Figure 1.
Graphic representation of the two types of experiments.
A) A pig autologous end-to-end peritoneal implant was used to study patency, eventual thrombosis, endothelization and arterializations of the graft, 2 weeks after surgery. B) A human-to-rat peritoneal graft approach was set up to study remodeling of the peritoneum and to determine the host vs donor origin of cells that contributed to the process of endothelization and eventual arterialization.
Figure 2.
Macroscopic representation of graft preparation, implantation and removal in pigs.
A–B) Tailoring of the peritoneal graft on a tutor. C) Coverage of the peritoneal graft with the metal mesh. D) Proximal anastomosis showing the adhesion of the peritoneum to the metal mesh when pulsatile flow is established into the graft. E) Graft harvested (A, native aorta; P, peritoenal graft) with no signs of overt dilatation. F) Fresh transversal equatorial cut of the peritoneal graft showing patency and (G) thickening of the peritoneal graft at 15 days from the implant. H) Intraluminal appearance at the proximal anastomosis (A, native aorta; P, peritoenum graft). Scale bars 1 cm.
Figure 3.
Histopathological analysis of the peritoneal patch explanted from pigs.
Peritoneal graft pre-innestum (A), native aorta (B, C) and graft after two weeks (D–J). A) normal peritoneum, double staining with alfa-SMA (blue) and elastic von Gieson (black-brown) magnification 80×, scale bar 40 µm. B) native aorta, double staining showing the media with elastic fibres in black and smooth muscle cells in blue, magnification 50×, scale bar 50 µm. C) Native aorta, von Willebrand factor staining of the endothelium, magnification 160×, scale bar 20 µm. D) Graft and metallic scaffold (arrows indicate some of the holes around the graft), magnification 12,5×, scale bar 250 µm. E) graft remodeling, magnification 31× scale bar 100 µm. F) Arterialization of graft, magnification 62,5×, scale bar 50 µm. G) Intimal hyperplasia, magnification 125×, scale bar 25 µm. H, I) Endothelization of the graft, von Willebrand factor staining magnification 160× (scale bar 20 µm) and 320× (scale bar 10 µm), respectively.
Figure 4.
Histopathological analysis of the aortic peritoneal patch explanted from rats.

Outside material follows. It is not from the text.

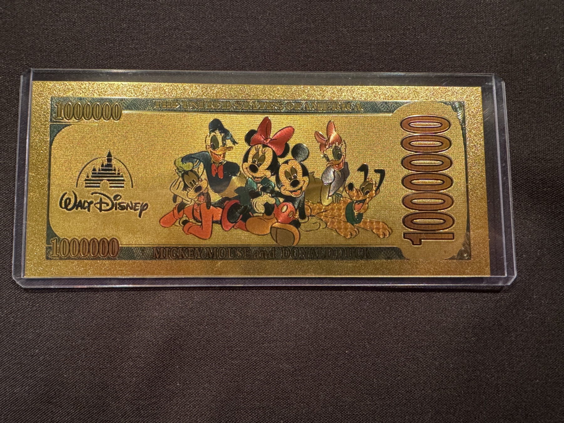Rare Disney Pluto Gold Foil .999999 - 24K Gold Note In Protective Holder - Mint Condition
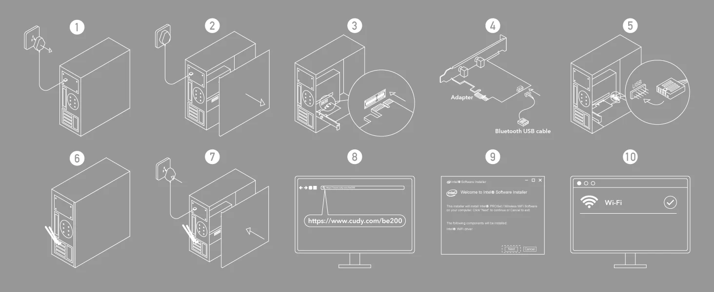 ה-Wi-Fi וההספק דורשים חריץ PCI-E מסוג 1x, 4x, 8x או 16x בלוח האם. פונקציית ה-Bluetooth דורשת חיבור USB של 9 פינים בלוח האם.

Sections of the native aorta (top panels) and the patched aorta (middle panels and details in the bottom panels), were stained with hematoxylin and eosin, Masson's trichrome and using immunofluorescence for endothelium (vWf) and smooth muscle cells (alpha-SMA). The peritoneal patch (at the top) was covered by an endothelial layer, but there was no tunica media (red staining). Compared with the native aorta, the transversal sections containing the peritoneal patch showed extensive thickening, formed by a densely cellular reactive tissue. Detail panels in the bottom of the figure show that such tissue contained elongated cells, collagen, as well as capillaries and arterioles.
Figure 5.
Origin of peritoneal patch remodeling cells.
The remodeled patch developed as a new artery wall, with an endothelial layer. We asked whether cells that contributed to patch remodeling were of host (rat) or peritoneal (human) origin, by double staining with vWf (green in B–F) or alpha-SMA (green in H–M)) and human mitochondri (red). A–C) Within the densely cellulated reactive tissue that thickened the peritoneal patch, a few capillary-lining endothelial cells (green in B) were of human origin (red, higher magnification in panel C). D–F) Within the neo-formed endothelial layer (green in E), some cells (red in D) were of human origin (higher magnification in panel F). G–J) In the remodeled patch tissue, rare alpha-SMA staining cells (green in H and J) co-stained with human mitochondri (red). K–M) The same was in the close vicinity of the native aorta-peritoneal patch junction, where a medial smooth muscle layer (green in K, L) is still present.
Figure 6.
Progenitor cell markers in normal and patched aortic sections.
A–C) Aortic sections including the peritoneal patch (C, scale bar 500 µm) were co-stained for c-kit and CD140b, also known as PDGFRB (A, scale bar 100 µm), or c-kit and NG2 (B, scale bar 100 µm). Panel D (scale bar 100 µm) shows c-kit staining of an endothelial area overlying the peritoneal patch (scale bar 100 µm). Panel E shows c-kit staining in a section of a normal aorta (scale bar 100 µm). In panel D and E, there is no c-kit signal from nucleated cells above the green background attributable to elastic fibers autofluorescence.